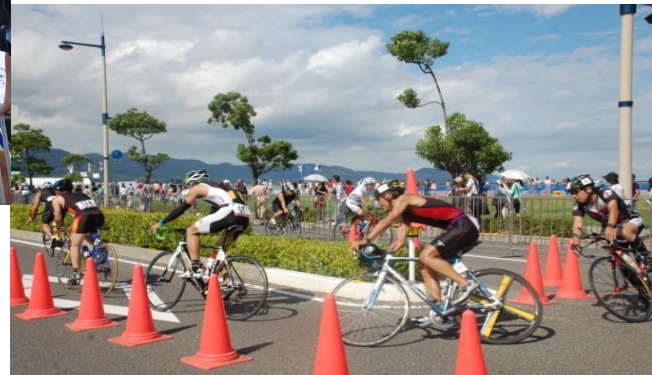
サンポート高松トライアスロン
==
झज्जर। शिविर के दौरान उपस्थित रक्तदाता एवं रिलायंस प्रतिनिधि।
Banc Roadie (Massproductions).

## Aim of the task
Your task is to restate, word for word, only those lines above that fall between the line holding "झज्जर। शिविर के" and the line holding "Banc Roadie (Massproductions).", inclusive.

## Output of the exercise
झज्जर। शिविर के दौरान उपस्थित रक्तदाता एवं रिलायंस प्रतिनिधि।
Banc Roadie (Massproductions).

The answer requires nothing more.